= Beginning of Section =

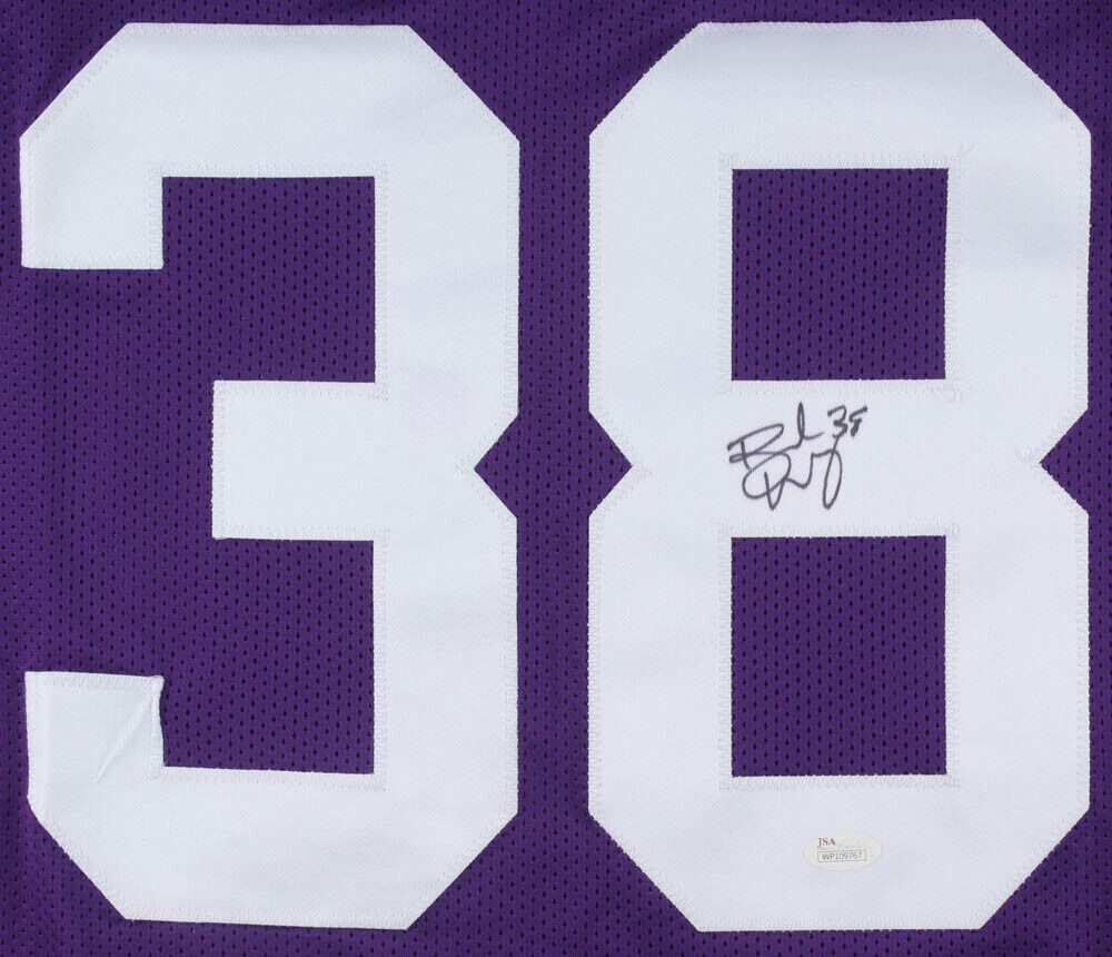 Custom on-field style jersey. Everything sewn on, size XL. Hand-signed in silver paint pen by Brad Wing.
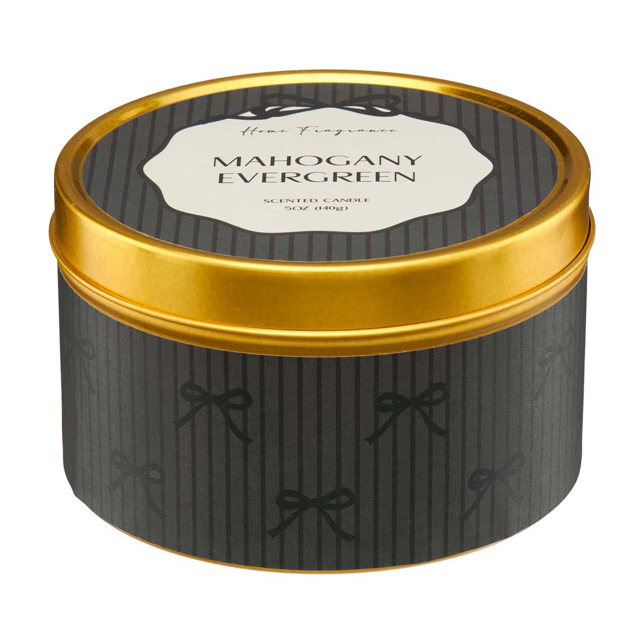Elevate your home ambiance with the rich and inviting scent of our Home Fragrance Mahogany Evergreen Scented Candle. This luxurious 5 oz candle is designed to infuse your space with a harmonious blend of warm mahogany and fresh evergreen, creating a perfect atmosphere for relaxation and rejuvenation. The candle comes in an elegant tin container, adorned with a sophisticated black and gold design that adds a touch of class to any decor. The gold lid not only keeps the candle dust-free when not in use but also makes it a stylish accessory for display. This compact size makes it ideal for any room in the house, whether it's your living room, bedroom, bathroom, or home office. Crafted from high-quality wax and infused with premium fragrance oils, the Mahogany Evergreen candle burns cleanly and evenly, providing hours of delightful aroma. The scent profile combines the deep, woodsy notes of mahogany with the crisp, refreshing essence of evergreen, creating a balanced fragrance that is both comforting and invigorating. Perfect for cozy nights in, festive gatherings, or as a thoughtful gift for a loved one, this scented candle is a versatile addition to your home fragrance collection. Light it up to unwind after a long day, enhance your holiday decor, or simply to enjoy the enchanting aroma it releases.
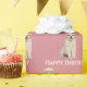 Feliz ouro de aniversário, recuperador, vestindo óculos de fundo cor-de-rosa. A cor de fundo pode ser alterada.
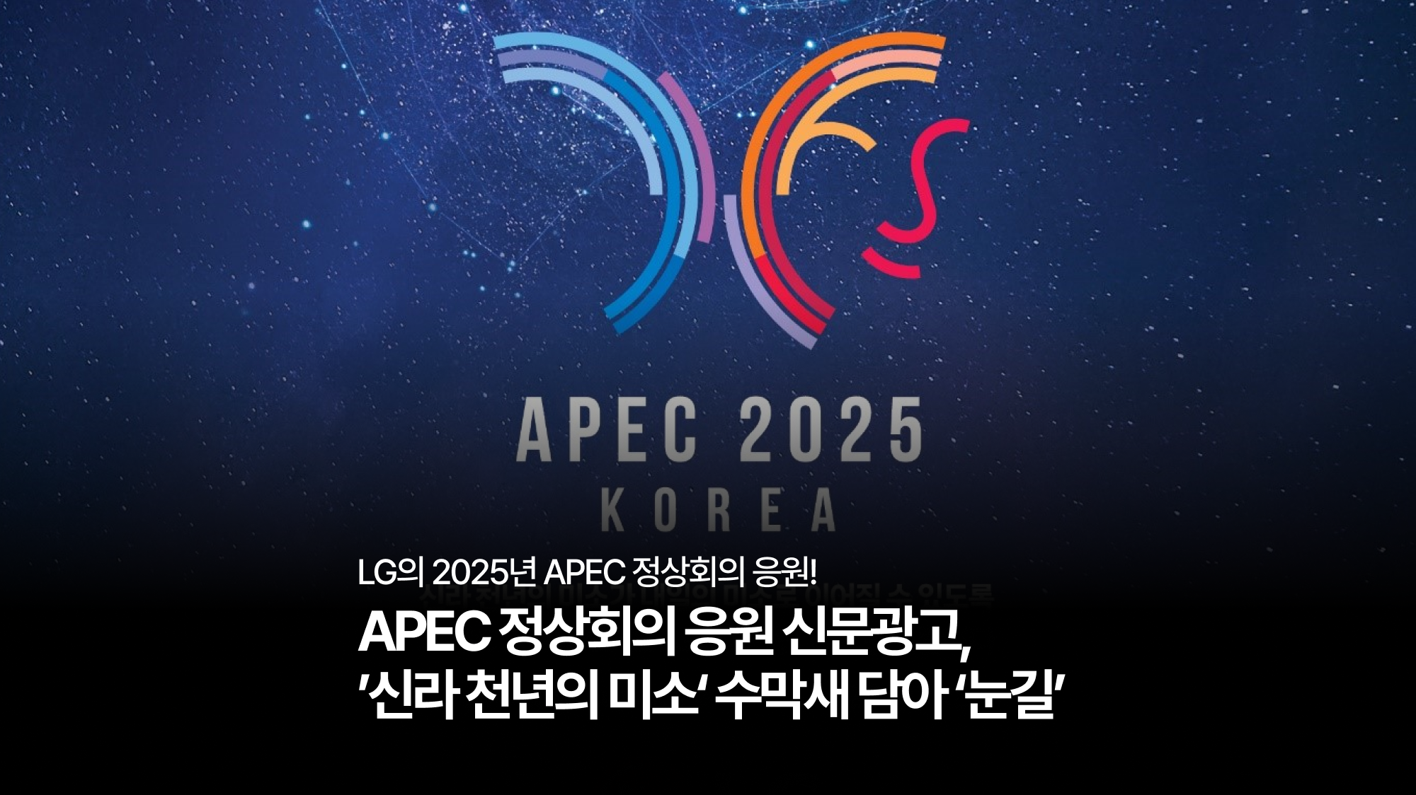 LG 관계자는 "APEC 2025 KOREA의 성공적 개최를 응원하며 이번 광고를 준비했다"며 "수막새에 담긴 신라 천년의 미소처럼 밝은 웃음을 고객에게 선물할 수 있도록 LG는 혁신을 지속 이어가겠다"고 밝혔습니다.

= End of Section =
= Beginning of Section =

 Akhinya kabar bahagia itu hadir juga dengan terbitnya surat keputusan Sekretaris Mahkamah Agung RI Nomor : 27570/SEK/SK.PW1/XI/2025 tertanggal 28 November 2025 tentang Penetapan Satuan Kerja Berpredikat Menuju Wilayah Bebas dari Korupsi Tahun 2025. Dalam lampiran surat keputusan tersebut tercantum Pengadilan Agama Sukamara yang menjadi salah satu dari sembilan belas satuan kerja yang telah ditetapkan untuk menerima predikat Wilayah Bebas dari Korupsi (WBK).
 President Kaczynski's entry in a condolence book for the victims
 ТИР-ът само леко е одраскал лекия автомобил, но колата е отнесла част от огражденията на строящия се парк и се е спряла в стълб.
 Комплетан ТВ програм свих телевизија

= End of Section =
= Beginning of Section =

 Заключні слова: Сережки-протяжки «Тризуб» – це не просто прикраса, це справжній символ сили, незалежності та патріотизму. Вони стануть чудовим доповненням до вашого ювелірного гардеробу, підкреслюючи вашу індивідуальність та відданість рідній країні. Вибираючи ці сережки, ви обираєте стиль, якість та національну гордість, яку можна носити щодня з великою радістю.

= End of Section =

- PROBLEM DETAILS -
Within the material above, output exactly the lines from the one with "Akhinya kabar bahagia" through the one with "Комплетан ТВ програм свих телевизија", end lines included, and nothing besides.

- OUTPUT FOR THIS TASK -
 Akhinya kabar bahagia itu hadir juga dengan terbitnya surat keputusan Sekretaris Mahkamah Agung RI Nomor : 27570/SEK/SK.PW1/XI/2025 tertanggal 28 November 2025 tentang Penetapan Satuan Kerja Berpredikat Menuju Wilayah Bebas dari Korupsi Tahun 2025. Dalam lampiran surat keputusan tersebut tercantum Pengadilan Agama Sukamara yang menjadi salah satu dari sembilan belas satuan kerja yang telah ditetapkan untuk menerima predikat Wilayah Bebas dari Korupsi (WBK).
 President Kaczynski's entry in a condolence book for the victims
 ТИР-ът само леко е одраскал лекия автомобил, но колата е отнесла част от огражденията на строящия се парк и се е спряла в стълб.
 Комплетан ТВ програм свих телевизија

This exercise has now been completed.